4. Learning how to interpret the NMR data. I find the bulk of any elucidation falls under this classification. There are so many points to cover here so I will try to list as many as I can think of.
a. The tough stuff comes from differentiating between true signals and artifacts. Experience really counts here.
b. Dealing with overlapping 2D NMR correlations in a crowded region.
c. Deciding whether a correlation in an HMBC experiment is showing a 2J or 3J separation.
d. Missing signals due to symmetry, broad peaks, low S/N or paramagnetic metals present.
e. Few 2D correlations from a structure with a high RDBE (Ring and Double Bond Equivalence or element of unsaturation) or containing few hydrogens. Lots of possible candidate structures here.



5. Narrowing down to a single Molecular Formula. I find combining NMR with MS data very applicable here.



6. Deciding the carbon multiplicity (C, CH, CH2, CH3) should be easy to do. Knowing the MF could be helpful here and vice versa. Having this information lets you know how many exchangeable atoms are present.



7. Searching across a library/database of chemical shifts and coupling constants like C-F. Having information on the starting material or derivatives can speed things up. Absolutely an easy thing to do has the potential to save lots of time.



8. Deciding carbon bond order (hybridization) – should I consider sp carbons? I rarely run into sp carbons but it is always a thought in the back of my mind.



9. I like to ask myself these questions when dealing with heteroatoms. Do I have bonds between heteroatoms or bonds between heteroatoms of the same type? Do I have a pentavalent nitrogen? I find IR data to be helpful here. If I have a salt, which atom(s) is charged?
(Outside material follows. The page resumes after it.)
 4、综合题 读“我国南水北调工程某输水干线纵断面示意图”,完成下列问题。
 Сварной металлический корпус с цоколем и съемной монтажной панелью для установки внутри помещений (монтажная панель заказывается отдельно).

10. Exclude (or bias) possibilities based on NMR shifts. If I have a carbon at 200 ppm, then I immediately jump to a C=O group whereas a carbon at 120 ppm I exclude C=O as a possibility. Biasing the data can be a bad thing sometimes.
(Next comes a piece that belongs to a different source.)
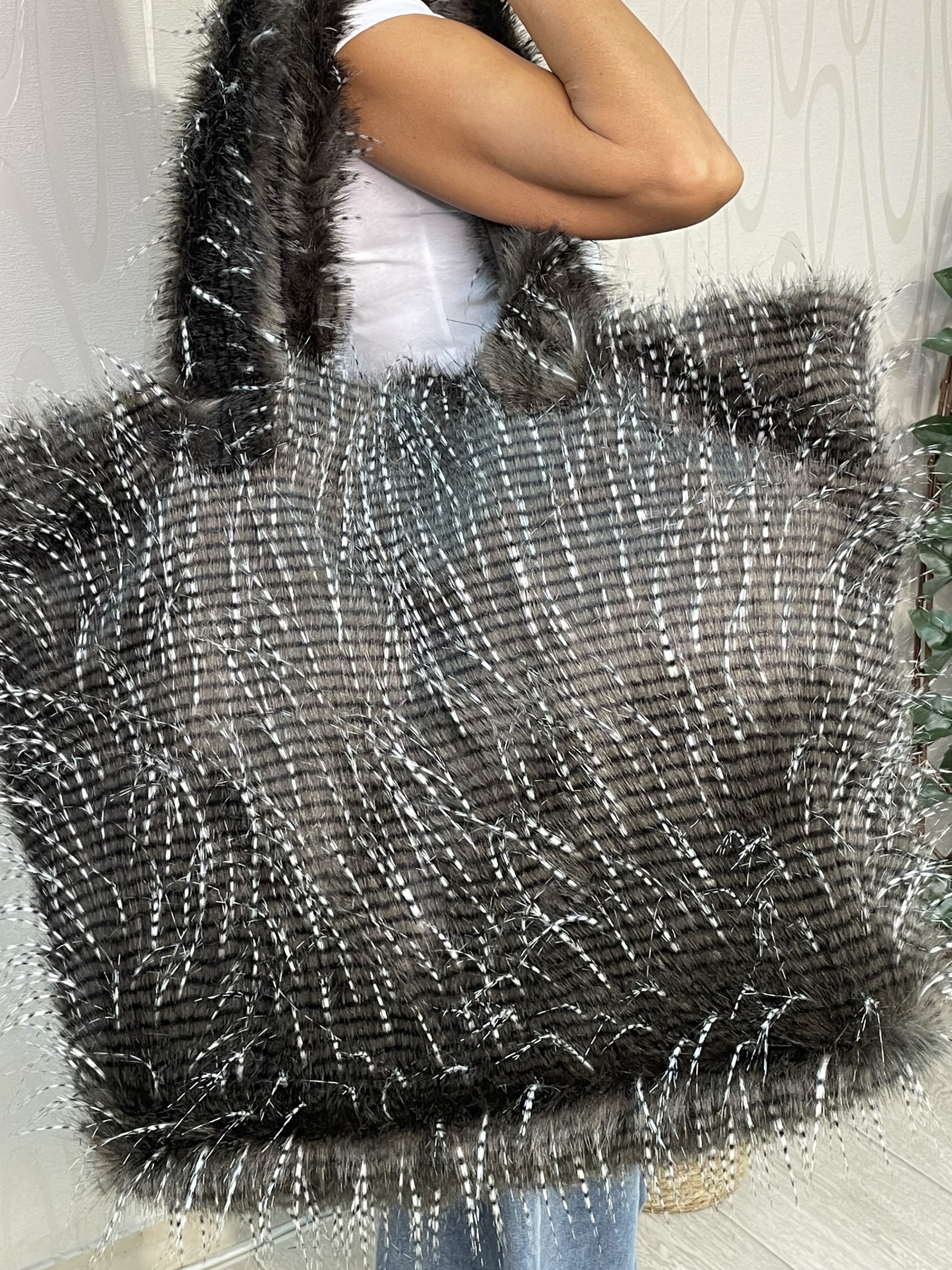 Η γυναικεία τσάντα Lumina ξεχωρίζει για τη μοναδική της γούνινη υφή και το εντυπωσιακό σχέδιο σε μαύρο/γκρι με λευκές λεπτομέρειες. Μία ευρύχωρη tote bag που συνδυάζει στυλ και πρακτικότητα, με φαρδιά χερούλια για άνετη εφαρμογή στον ώμο. Η ιδανική statement επιλογή που θα αναβαθμίσει τις εμφανίσεις σας. Από 130€ τώρα μόνο 65,90€.

11. Apply an internal filter. I do this without realizing I’m doing this. For example, if I see a list of 6 aromatic carbons, I jump to a benzene ring. On an initial pass, I commonly exclude 3 and 4 membered rings and even the higher up rings such as 8-10 membered rings as I rarely run into these. I also try not to draw fragments and structures that do not have crossing (concatenation) bonds. Knowing whether the unknown is natural or not can help sometimes.
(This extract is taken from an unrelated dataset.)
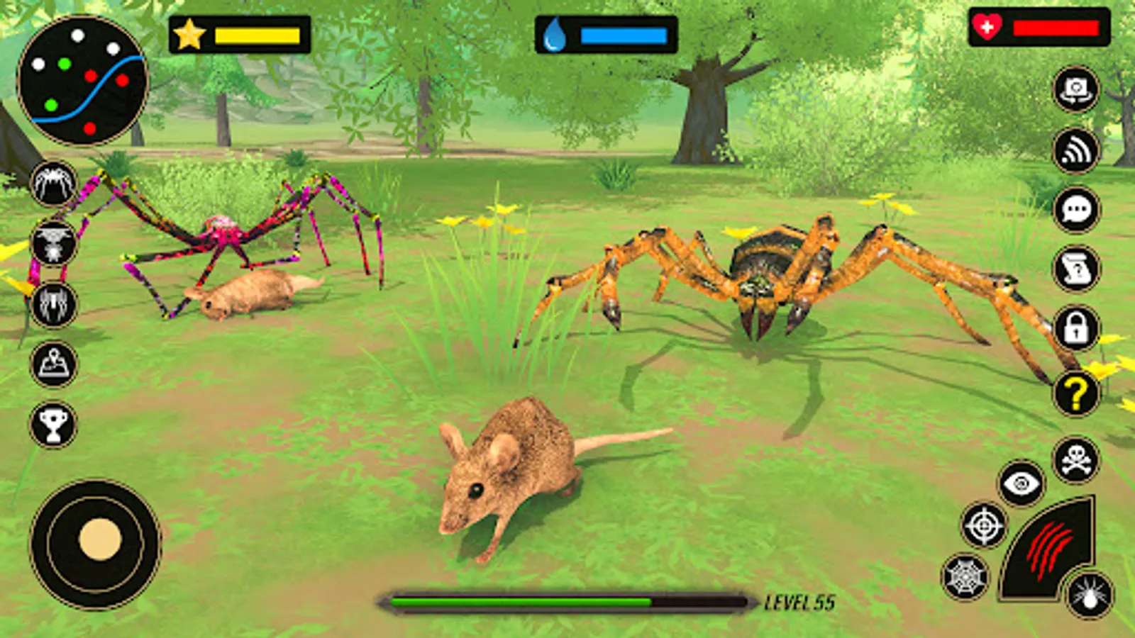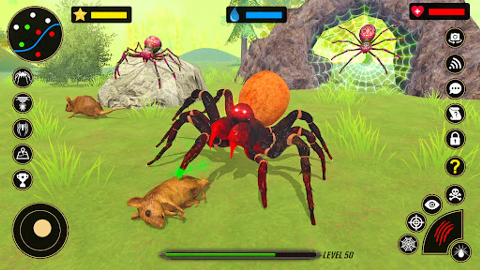 Be a venomous wild spider in big jungle, set trap for hunting, and find mate in this spider simulator. Control your spider in big insect world and live life of a real ultimate spider or black widow insect spider. Find soldier spiders and make clan of spiders for survival and hunt in the wildlife. Save your queen spider and take her to the safe cave. Become a most poisonous spider around the jungle and fight with multiple wild animals like rat, mouse, snake and other tarantula monster spider for your hunger and survival. Dip into this fantastic micro world, mark and defend your territory, explore the jungle, find a mate and have fun playing Spider Simulator: Life of Spider! And face the tropical jungle forest dangers with this ultimate spider game 2022.

12. I like to draw out possible fragments and candidate structures especially since it helps to get a visual on things. The next step is to rank the list and see what can be eliminated. Logics and reasoning do the trick here.



13. With a candidate structure or structures, I like to go back and see if the couplings make sense and thus verify the elucidation. Nothing worse to the ego than passing on a wrong structure.



14. If there is any stereochemistry in the structure, additional experiments like NOESY data are needed. Remember for every chiral carbon, there 2^n possibilities where n is the number of carbons.



Just a final note. In my experience, there are two classifications for unknowns for small molecules: synthetic/impurity and natural unknown.



A synthetic/impurity unknown generally has additional information, that is, information on the starting material and probable product(s). It can be a bad thing to know this and I have spoken with some elucidators who choose not to know anything about the starting material and expected product(s) as this could bias the elucidator and send them on the wrong track. That being said, due to time constraints, it is so tempting to use this information and speed up an elucidation. 



Natural unknowns are tough especially if there is very little material. The sample size can restrict the types and acquisition time of NMR experiments. This is very similar to impurity identification. Dereplication (searching a database) can help assuming it is not a novel compound.